## Data for this task
· · · ·

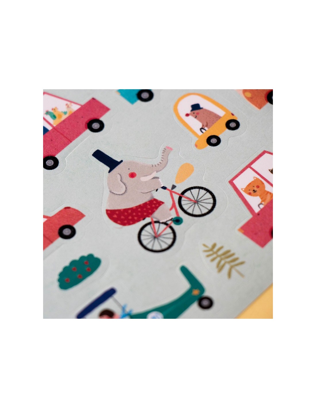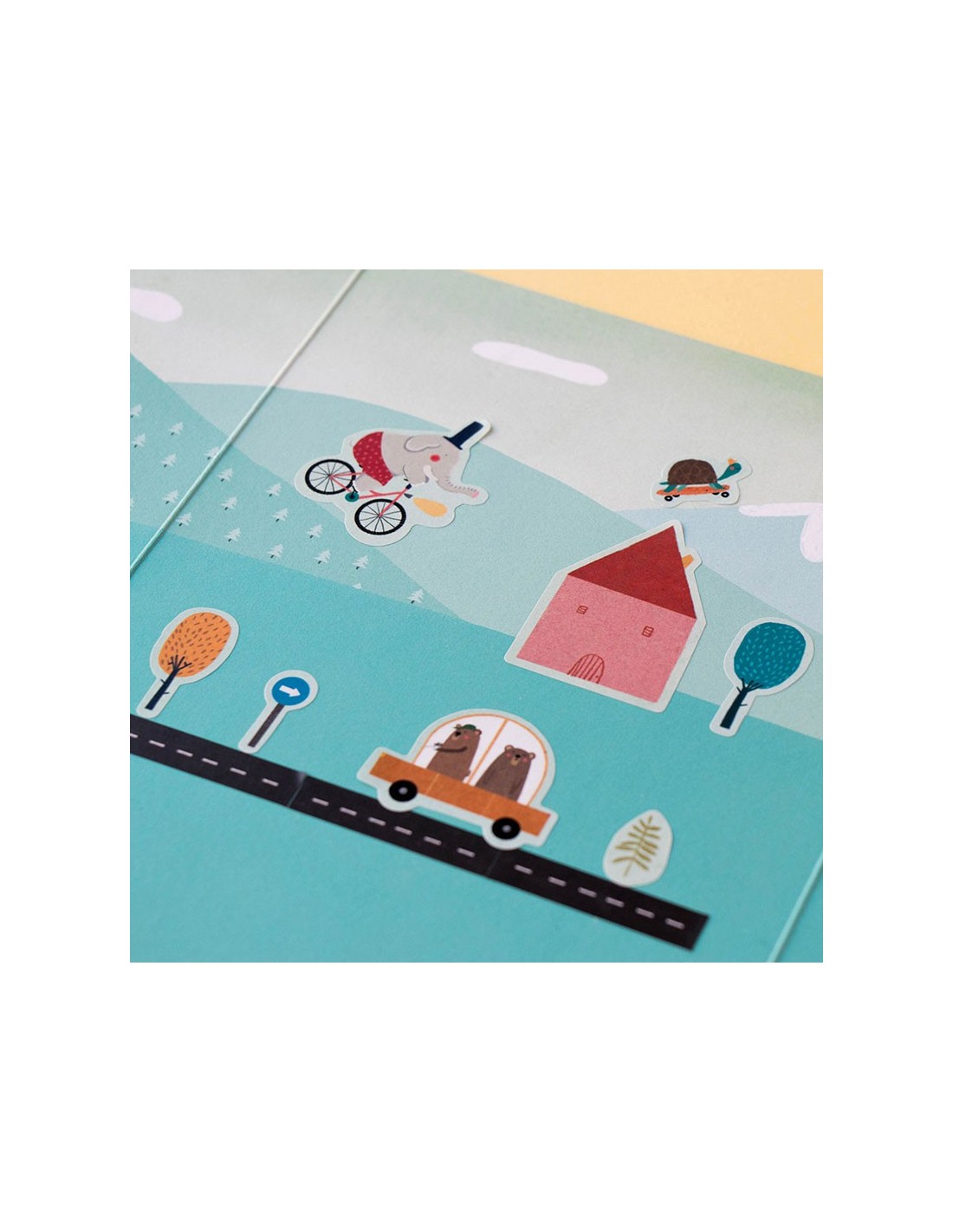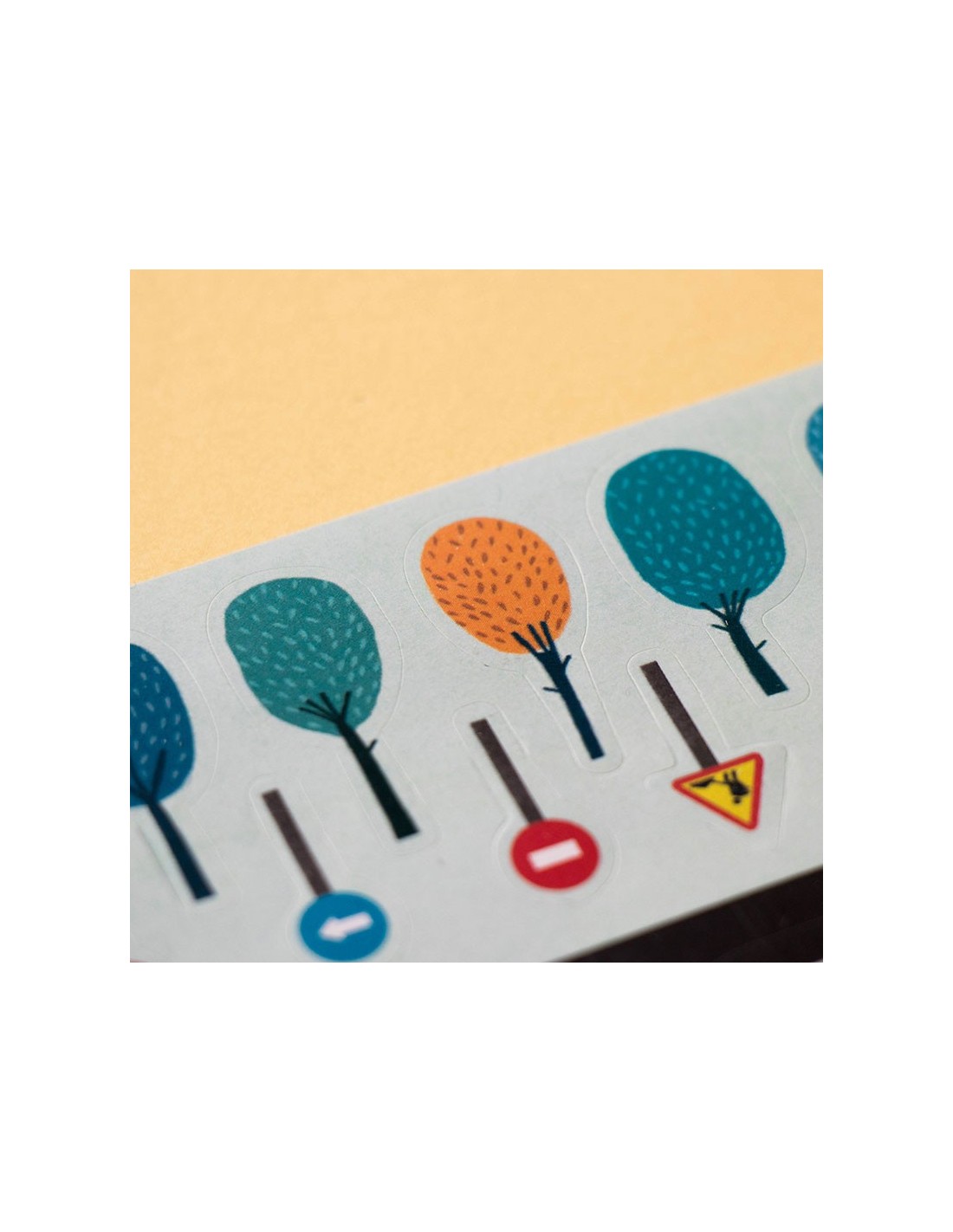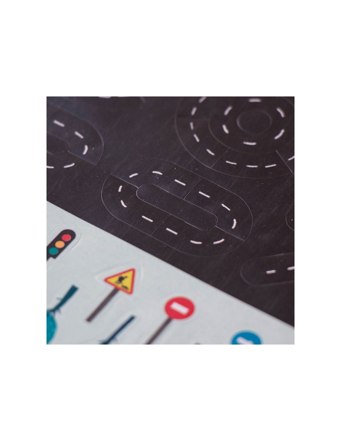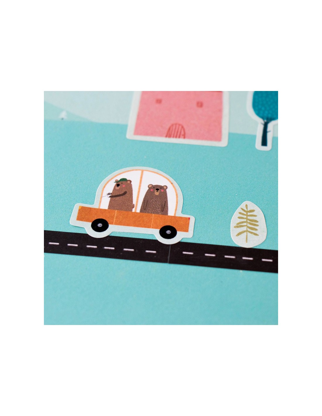 ¡Un juego con 150 pegatinas removibles de casas, coche, árboles, carreteras y señales de tráfico para que construyas la ciudad de tus sueños sobre tu escenario preferido!
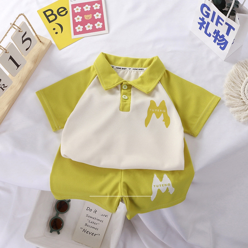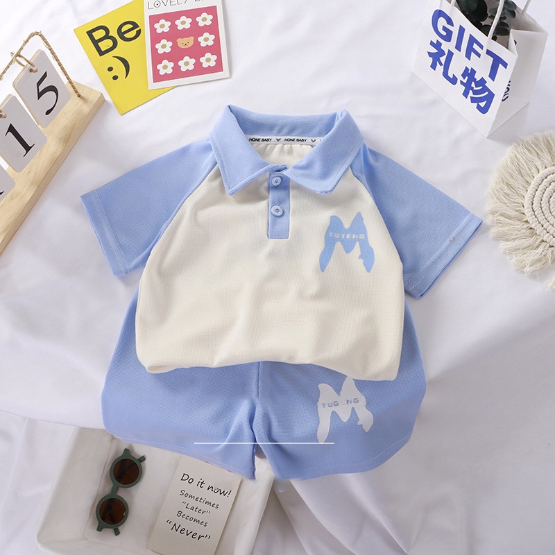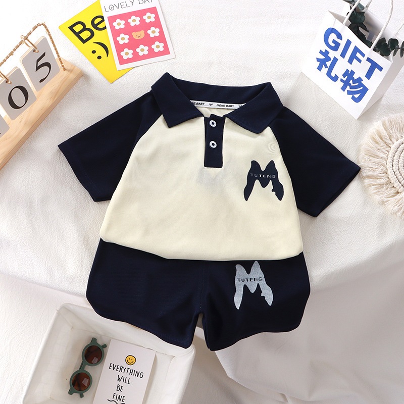 ชุดลำลองเด็ก ชุดแฟชั่นเด็ก คอปก ลายอักษรแอม สีทูโทน สไตล์เกาหลี
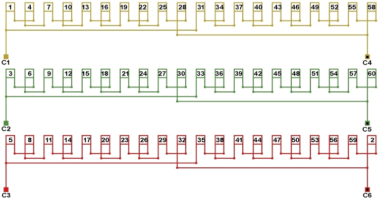 Схема соединений двухслойной обмотки электродвигателя 300 об/мин. 2p=20, количество параллельных ветвей: а=2.
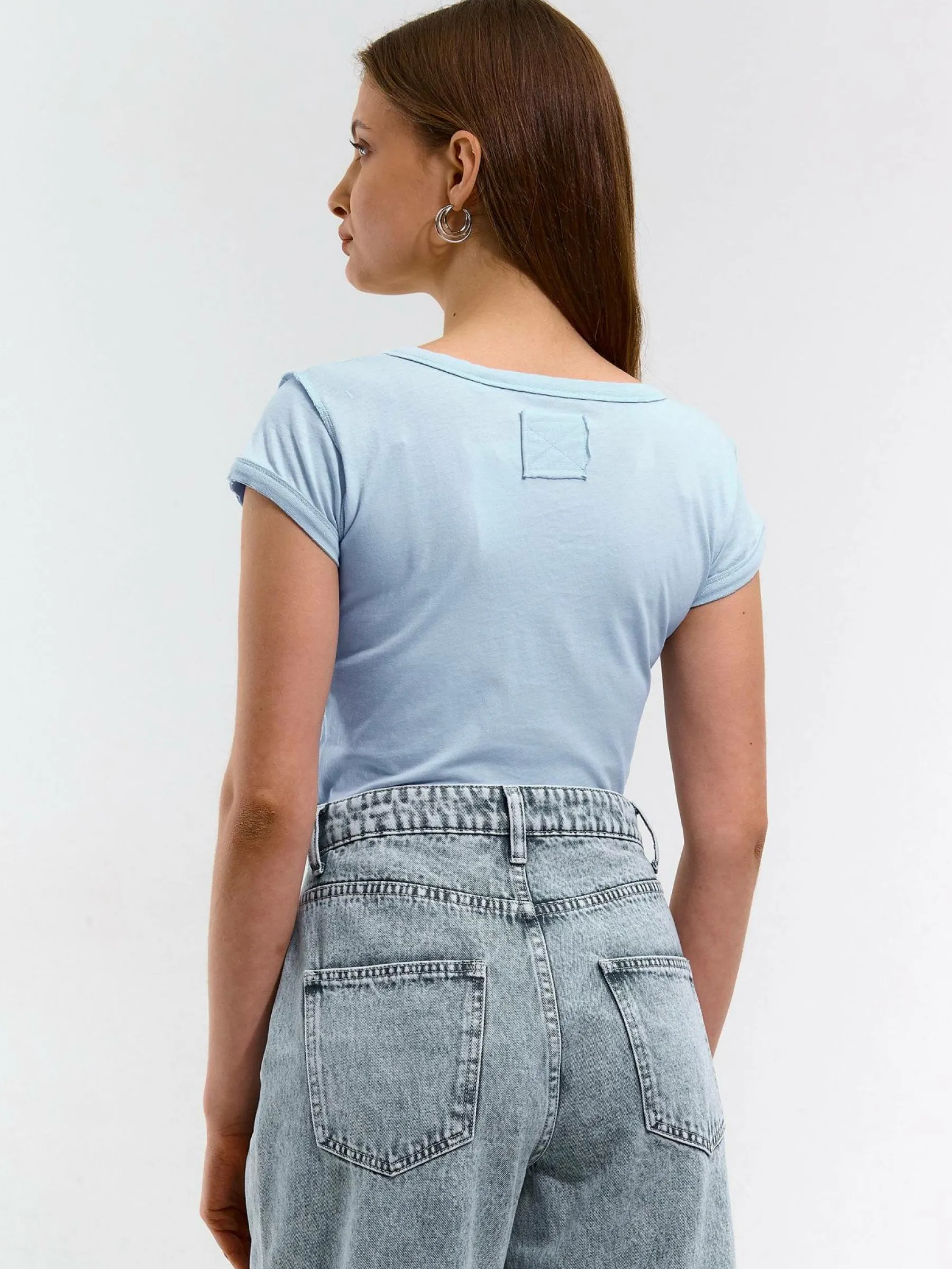 Zdjęcia z modelką mogą nie odpowiadać rzeczywistemu kolorowi produktu.Kolor: niebieskiKrój: podstawowyTyp: koszulka…
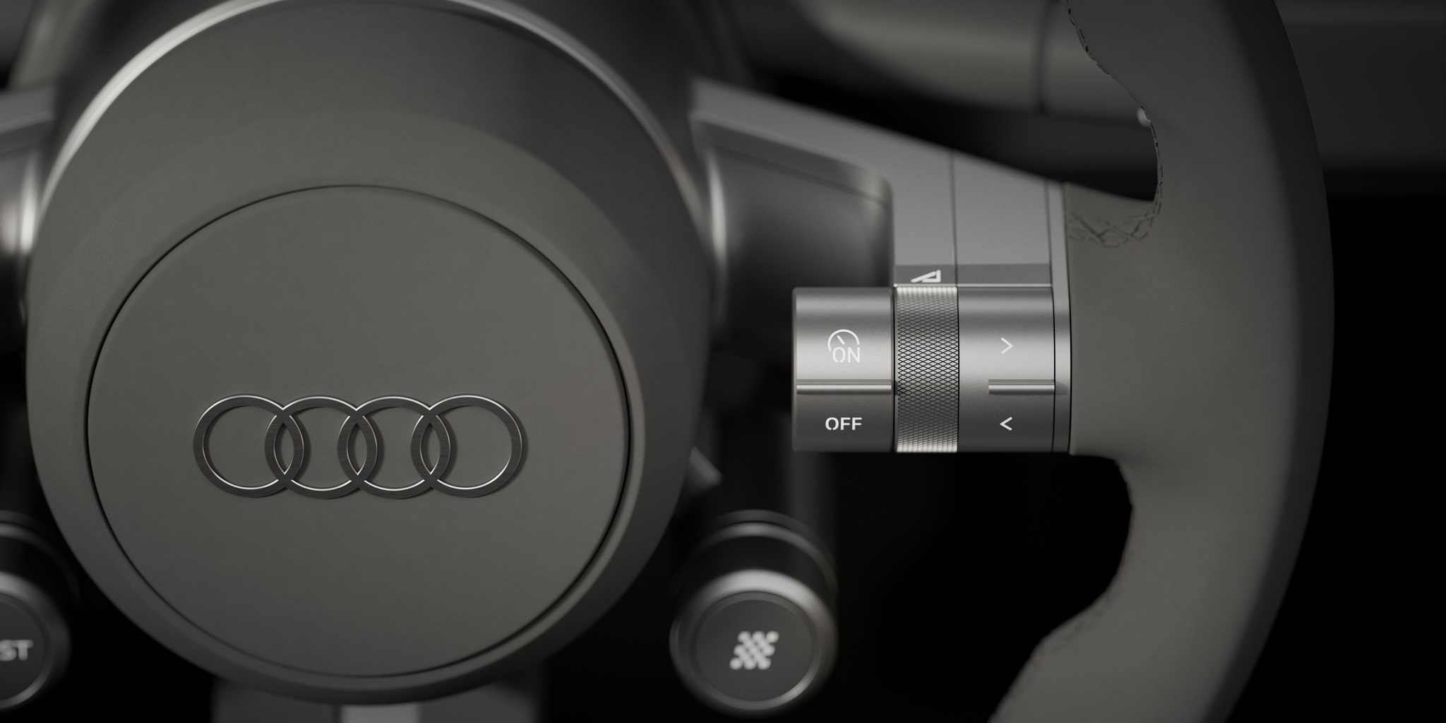 ห้องโดยสาร Audi Concept C ยังคงเน้นความเรียบง่ายใช้งานง่ายเป็นหลัก แต่ก็แฝงด้วยเทคโนโลยีล้ำยุค อาทิ หน้าจอพับได้ขนาด 10.4 นิ้ว บริเวณคอนโซลกลาง และระบบควบคุมแบบสัมผัส (Haptic Controls) ที่มอบประสบการณ์ใช้งานที่ลื่นไหลและทันสมัย ขณะเดียวกันก็ยังคงรักษาอารมณ์ความสนุกในการขับขี่ที่เป็นหัวใจสำคัญของรถสปอร์ตไว้ได้อย่างครบถ้วน
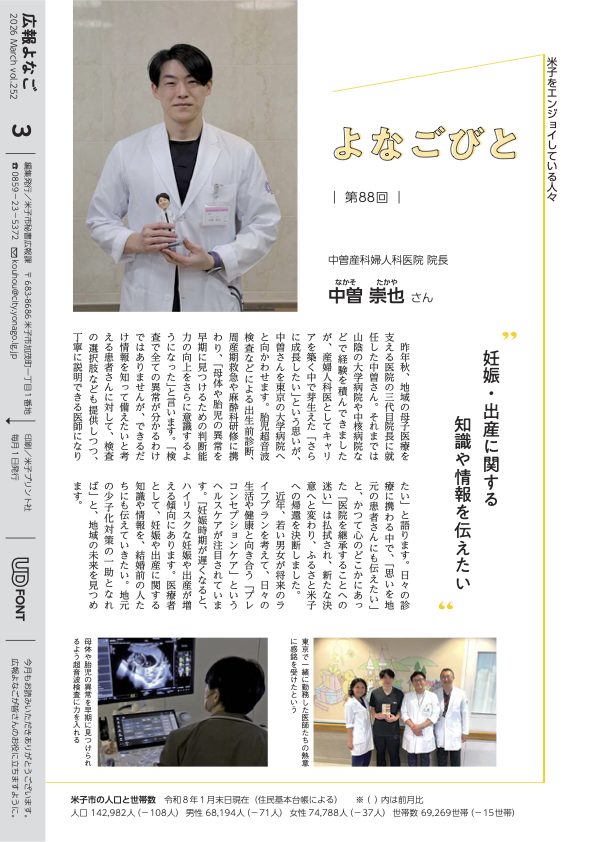 【広報よなご掲載のお知らせ】地域の母子医療への取り組みが紹介されました
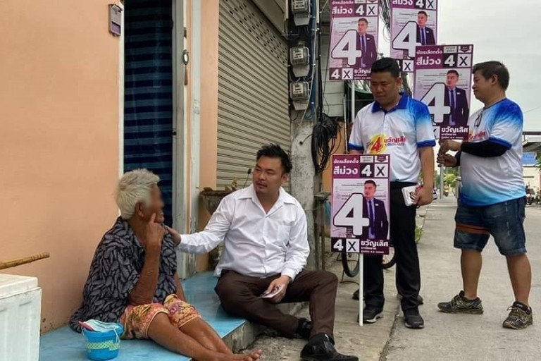นายขวัญเลิศ พานิชมาท ผู้สมัครสมาชิกสภาผู้แทนราษฎร เบอร์ 4 เขต 6 กล่าวว่า ตนขอชูผลงานที่เป็นจริง จาก 4 ปี ที่ผ่านมา ขวัญเลิศ พานิชมาท ไม่เคยทอดทิ้งพี่น้องประชาชน ไม่ว่าจะเจอกับเหตุการณ์ปัญหาวิกฤติโควิด 19 , พายุถล่ม, น้ำท่วม, ช่วยเหลือผู้ป่วยติดเตียง, คนไร้บ้าน, พร้อมทั้งยังเดินนำหน้าพาชาวบ้านร้องขอความเป็นธรรมจากหน่วยงานรัฐ
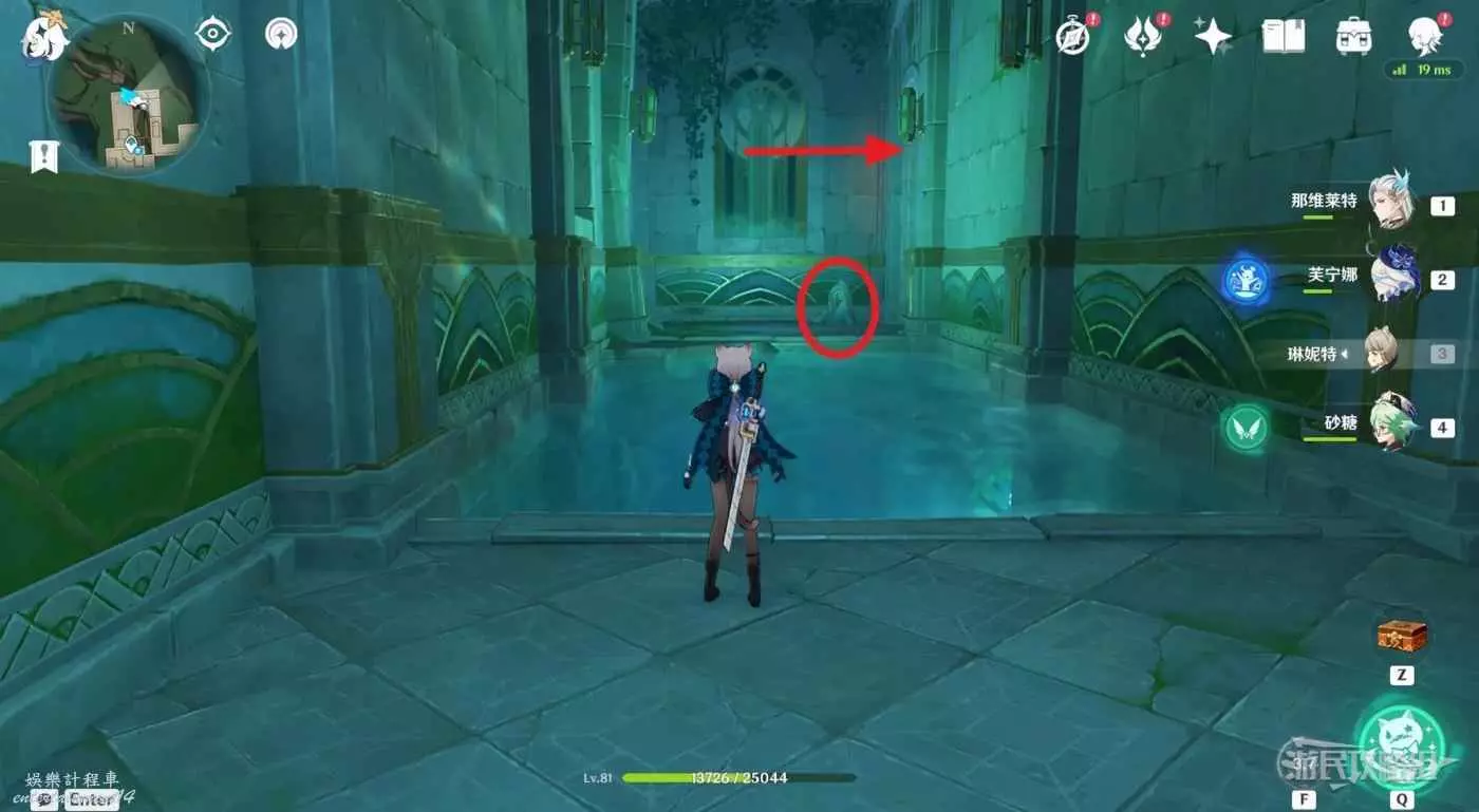 轉彎後穿過前方水域,到達對面平台,利用機關開啟大門,進入房間。

· · · ·

## Required work
Only the lines from the one containing "ชุดลำลองเด็ก ชุดแฟชั่นเด็ก คอปก" through the last line of the records above should be repeated, exactly and without pictures.

## Response box
 ชุดลำลองเด็ก ชุดแฟชั่นเด็ก คอปก ลายอักษรแอม สีทูโทน สไตล์เกาหลี
 Схема соединений двухслойной обмотки электродвигателя 300 об/мин. 2p=20, количество параллельных ветвей: а=2.
 Zdjęcia z modelką mogą nie odpowiadać rzeczywistemu kolorowi produktu.Kolor: niebieskiKrój: podstawowyTyp: koszulka…
 ห้องโดยสาร Audi Concept C ยังคงเน้นความเรียบง่ายใช้งานง่ายเป็นหลัก แต่ก็แฝงด้วยเทคโนโลยีล้ำยุค อาทิ หน้าจอพับได้ขนาด 10.4 นิ้ว บริเวณคอนโซลกลาง และระบบควบคุมแบบสัมผัส (Haptic Controls) ที่มอบประสบการณ์ใช้งานที่ลื่นไหลและทันสมัย ขณะเดียวกันก็ยังคงรักษาอารมณ์ความสนุกในการขับขี่ที่เป็นหัวใจสำคัญของรถสปอร์ตไว้ได้อย่างครบถ้วน
 【広報よなご掲載のお知らせ】地域の母子医療への取り組みが紹介されました
นายขวัญเลิศ พานิชมาท ผู้สมัครสมาชิกสภาผู้แทนราษฎร เบอร์ 4 เขต 6 กล่าวว่า ตนขอชูผลงานที่เป็นจริง จาก 4 ปี ที่ผ่านมา ขวัญเลิศ พานิชมาท ไม่เคยทอดทิ้งพี่น้องประชาชน ไม่ว่าจะเจอกับเหตุการณ์ปัญหาวิกฤติโควิด 19 , พายุถล่ม, น้ำท่วม, ช่วยเหลือผู้ป่วยติดเตียง, คนไร้บ้าน, พร้อมทั้งยังเดินนำหน้าพาชาวบ้านร้องขอความเป็นธรรมจากหน่วยงานรัฐ
 轉彎後穿過前方水域,到達對面平台,利用機關開啟大門,進入房間。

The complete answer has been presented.